(Collection entries)
=== Section Start ===
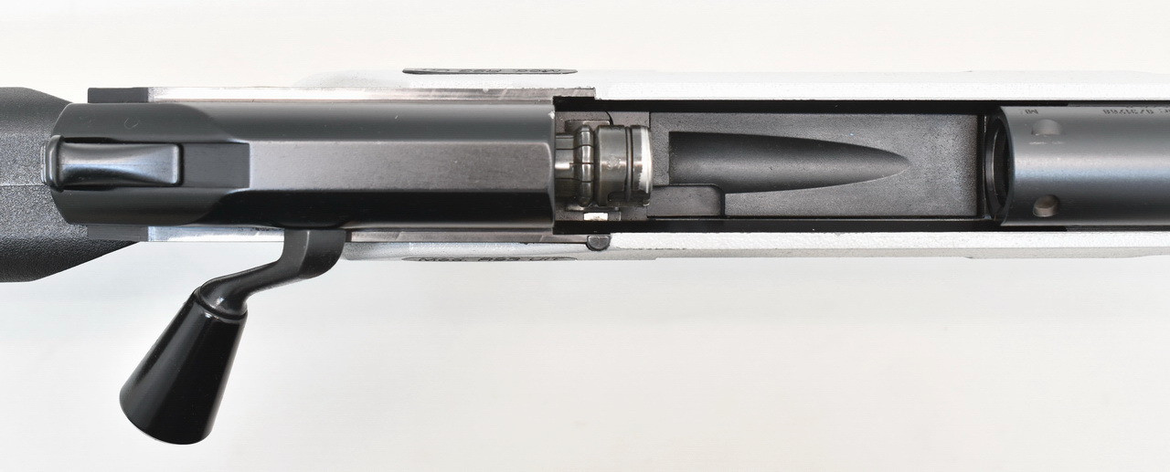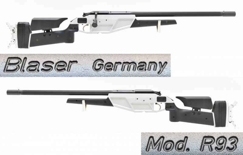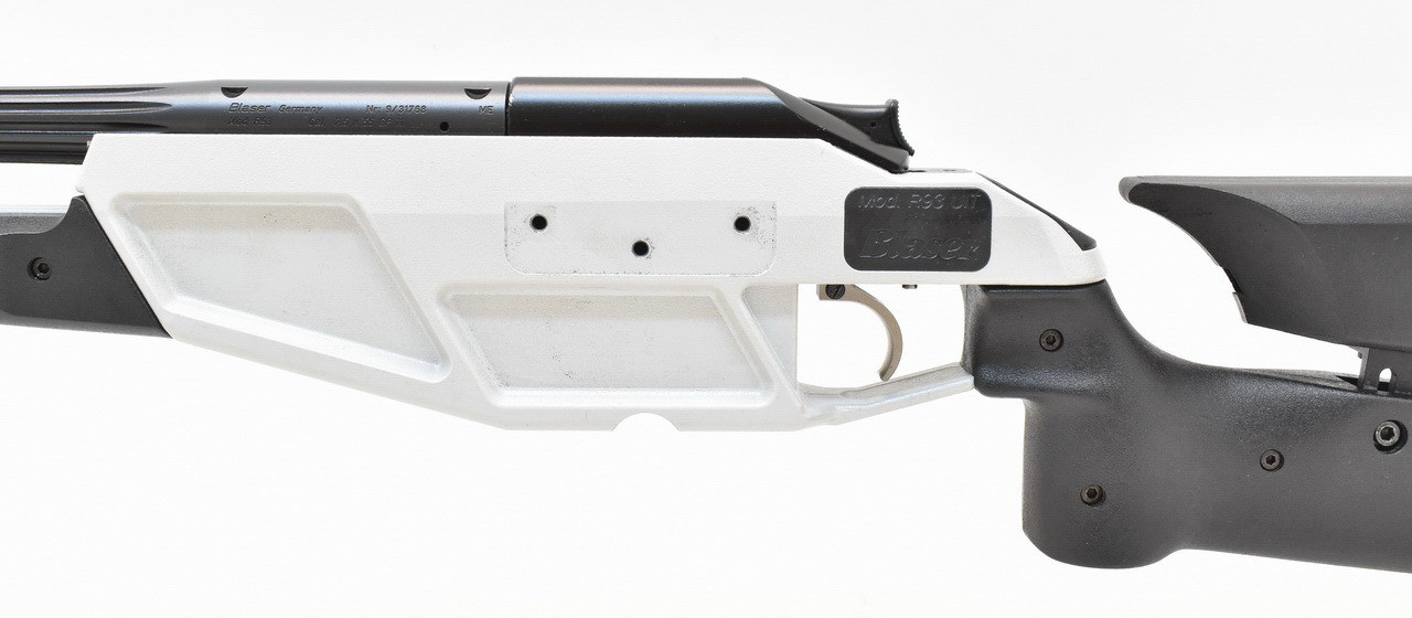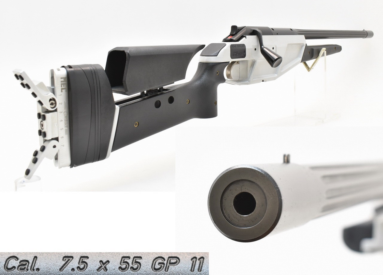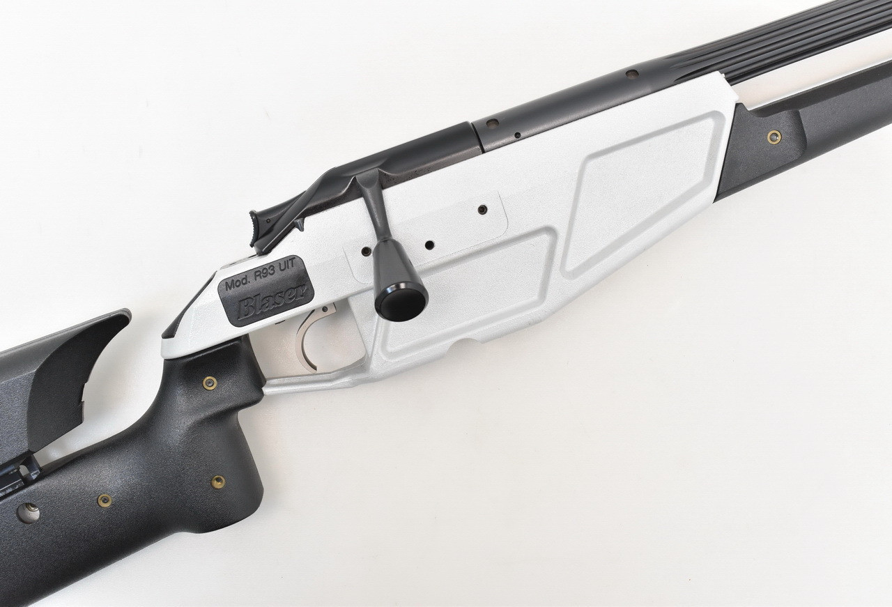 Einschüssiges, 300m - Standardgewehr mit Geradezugverschluß und Handspannung auf bewährter R 93 Basis des bekannten deutschen Herstellers BLASER . Spiegelblanker, kannelierter Präzisionslauf mit 26mm Mündungsdurchmesser. Ulmer Beschuß 1997. Einstellbarer Blaser Kompaktabzug. RAL 9006 farbiger Aluminium - Schaft in Skeleton - Bauweise mit schwarzen Kunststoff Anbauteilen für Rechts- und Linksanschlag. Verstellbare Backe und MEC Contact Alu - Schaftkappe. Gebrauchs- und Lagerungsspuren sind vorhanden. Details siehe Bilder.
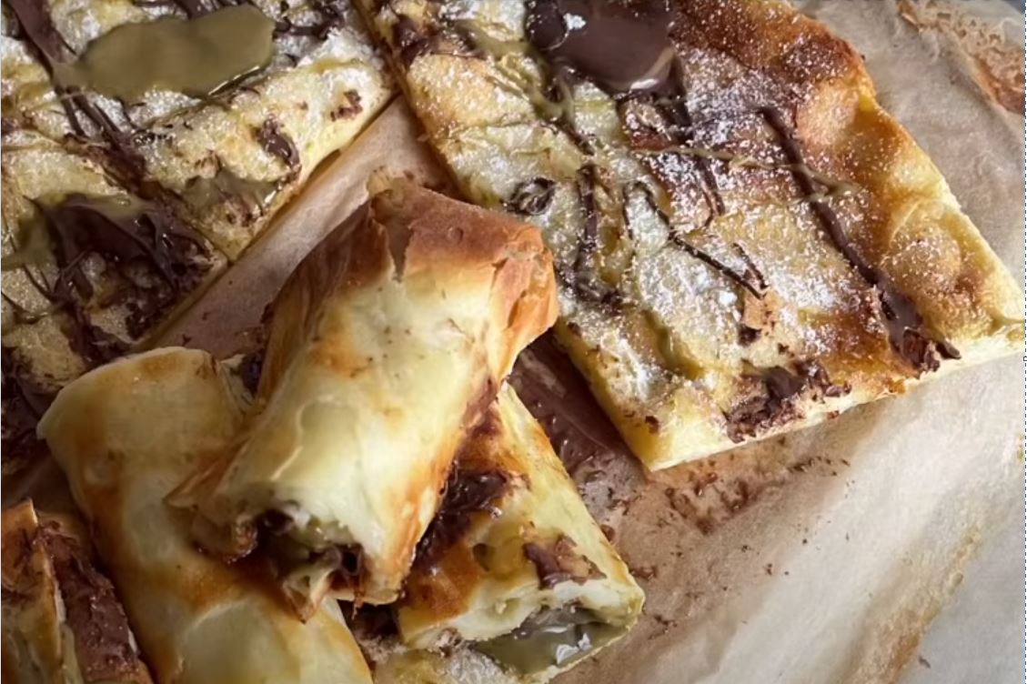 Pritisnuti napuhane dijelove tijesta, posuti ga šećerom u prahu, nutellom i pastom od pistacija.
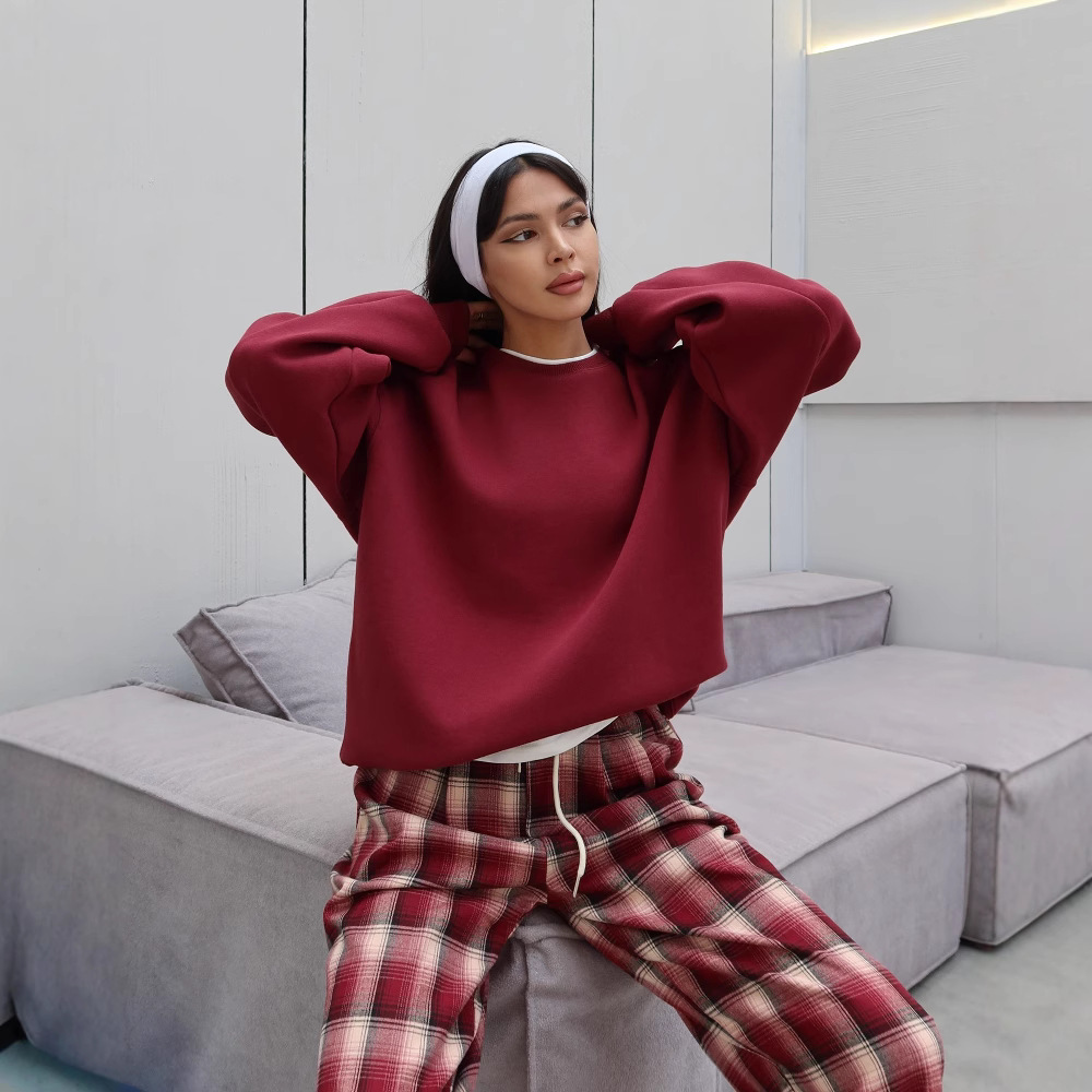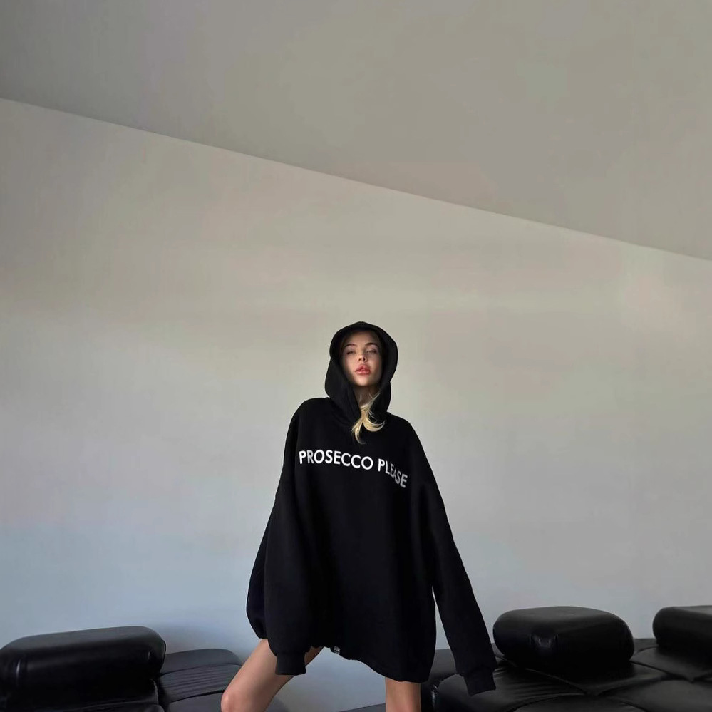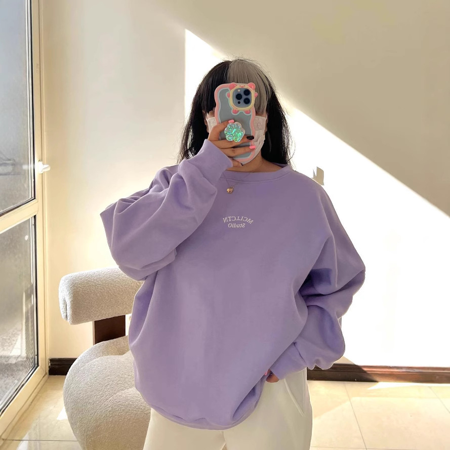 2024秋冬新作シンプルアルファベットプリント長袖上着ins風ゆったり潮牌丸襟正肩衛衣女
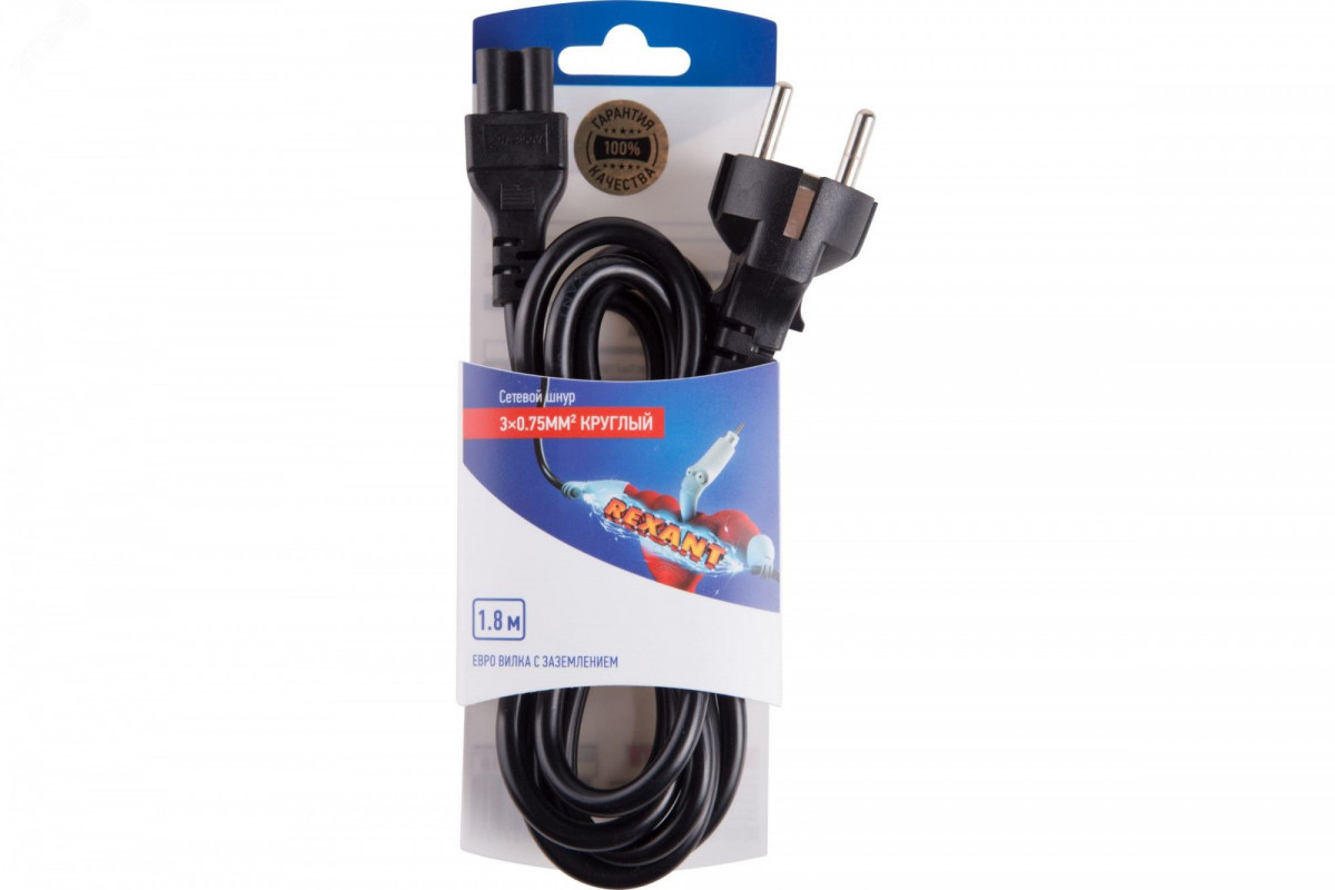 Шнур сетевой Евро 3х0.75кв.мм 1.8М (PVC) (с заземлением) (ноутбук) REXANT предназначен для подключения к сети переменного тока (AC) с напряжением 220B портативных компьютеров, ноутбуков, проекторов и других устройств, имеющих штыревой разъём типа C6. Данный шнур сетевой Евро (IEC cord) оснащен с одной стороны неразборной литой вилкой (евростандарт) с заземляющим контактом, с другой литым трёх контактным гнездовым разъёмом типа C5 (в обиходе называют ''Микки Маус'' или листом клевера) и трехжильным проводом с сечением жил 0.75кв.мм. Основные характеристики- тип вилки Евро, тип розетки IEC (С5), максимальная сила тока 10А, изоляция жил и общая оболочка изготовлена из ПВХ, длина провода 1.8 метра.
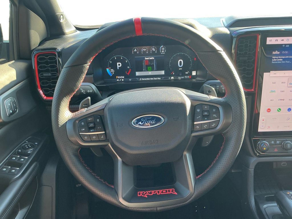 2025 Ford Ranger Raptor Carbonized Gray Metallic Raptor 4WD 10-Speed Automatic 3.0L EcoBoost V6 4WD, 10 Speakers, 4-Wheel Disc Brakes, 4.27 Axle Ratio, ABS brakes, Air Conditioning, Alloy wheels, AM/FM radio: SiriusXM, Auto High-beam Headlights, Auto-dimming Rear-View mirror, Automatic temperature control, Brake assist, Compass, Delay-off headlights, Driver door bin, Driver vanity mirror, Dual front impact airbags, Dual front side impact airbags, Electronic Stability Control, Emergency communication system: SYNC 4 911 Assist, Equipment Group 800A Standard, Front anti-roll bar, Front Bucket Seats, Front Center Armrest, Front dual zone A/C, Front fog lights, Front License Plate Bracket, Front reading lights, Front wheel independent suspension, Fully automatic headlights, Garage door transmitter, Heated door mirrors, Heated front seats, Heated steering wheel, Illuminated entry, Internet access capable: FordPass Connect 4G, Leather Shift Knob, Leather steering wheel, Leather-Trimmed Front Heated Bucket Seats, Low tire pressure warning, Memory seat, Navigation system: Connected Navigation, Occupant sensing airbag, Outside temperature display, Overhead airbag, Overhead console, Panic alarm, Passenger door bin, Passenger vanity mirror, Power door mirrors, Power driver seat, Power passenger seat, Power steering, Power windows, Radio: B&O Sound System by Bang & Olufsen, Rain sensing wipers, Rear reading lights, Rear seat center armrest, Rear step bumper, Rear window defroster, Remote keyless entry, Security system, SiriusXM Satellite Radio, Speed control, Speed-sensing steering, Steering wheel mounted audio controls, SYNC 4A, Telescoping steering wheel, Tilt steering wheel, Traction control, Trip computer, Turn signal indicator mirrors, Variably intermittent wipers, Voltmeter, Wheels: 17" Gray-Painted Aluminum, 4WD.
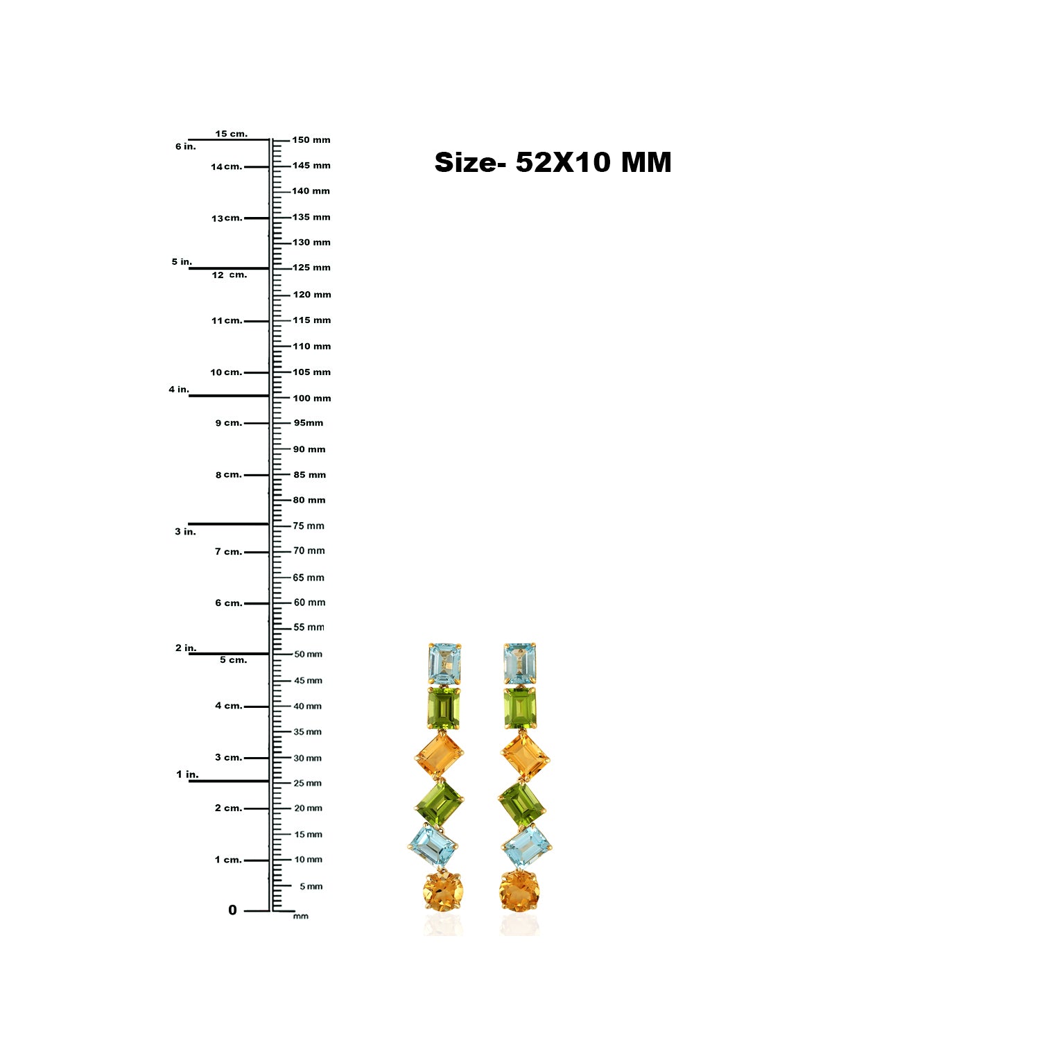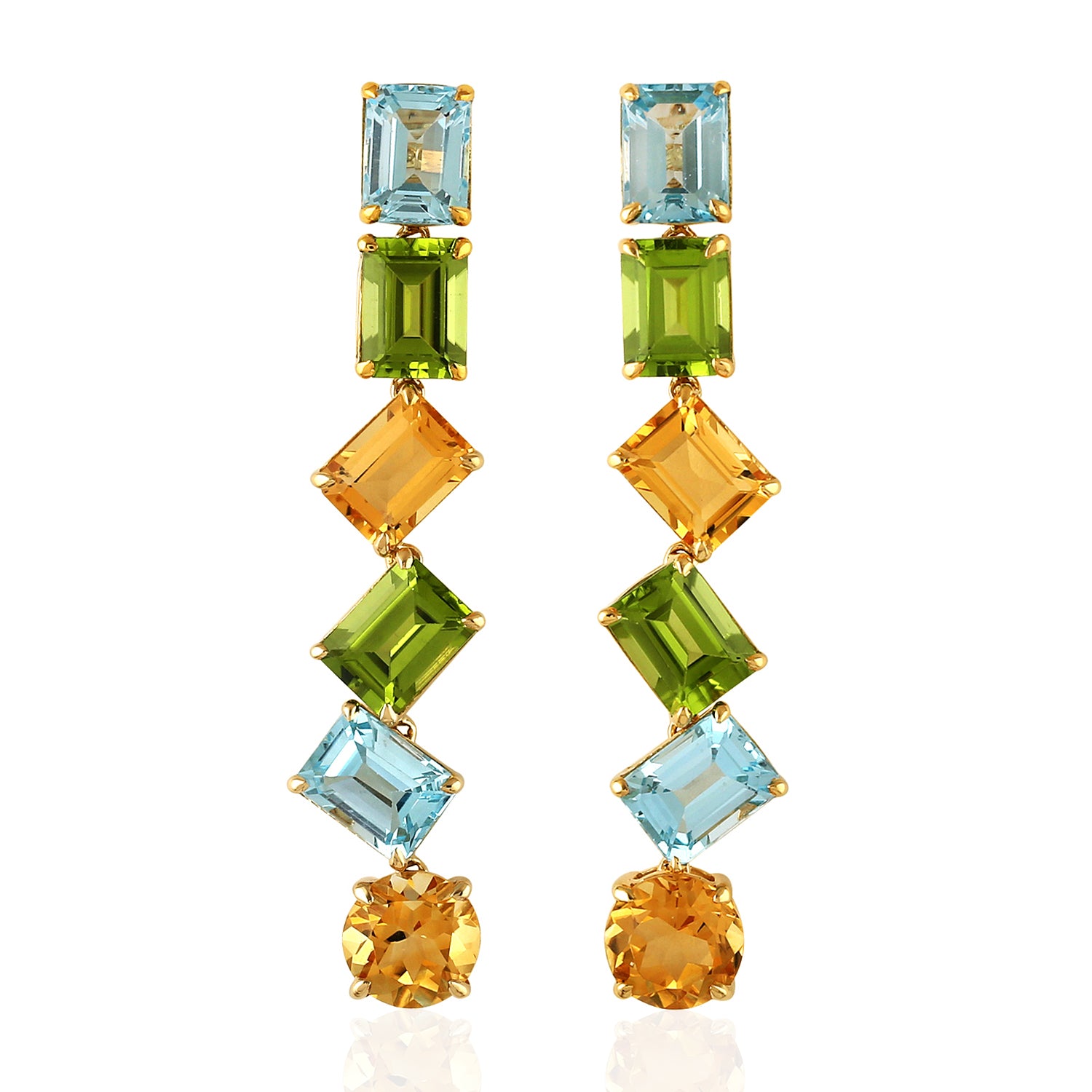 Baguette Cut Blue Topaz Peridot Citrine Gemstone Dangler In Yellow Gold
=== Section End ===
_INSTRUCTIONS FOR THE TASK_: Give back exactly the lines above from the one with "Pritisnuti napuhane dijelove" through the one with "Шнур сетевой Евро 3х0.75кв.мм", both included. Pictures don't belong in the copy.

_ANSWER TO THE EXERCISE_:
 Pritisnuti napuhane dijelove tijesta, posuti ga šećerom u prahu, nutellom i pastom od pistacija.
 2024秋冬新作シンプルアルファベットプリント長袖上着ins風ゆったり潮牌丸襟正肩衛衣女
 Шнур сетевой Евро 3х0.75кв.мм 1.8М (PVC) (с заземлением) (ноутбук) REXANT предназначен для подключения к сети переменного тока (AC) с напряжением 220B портативных компьютеров, ноутбуков, проекторов и других устройств, имеющих штыревой разъём типа C6. Данный шнур сетевой Евро (IEC cord) оснащен с одной стороны неразборной литой вилкой (евростандарт) с заземляющим контактом, с другой литым трёх контактным гнездовым разъёмом типа C5 (в обиходе называют ''Микки Маус'' или листом клевера) и трехжильным проводом с сечением жил 0.75кв.мм. Основные характеристики- тип вилки Евро, тип розетки IEC (С5), максимальная сила тока 10А, изоляция жил и общая оболочка изготовлена из ПВХ, длина провода 1.8 метра.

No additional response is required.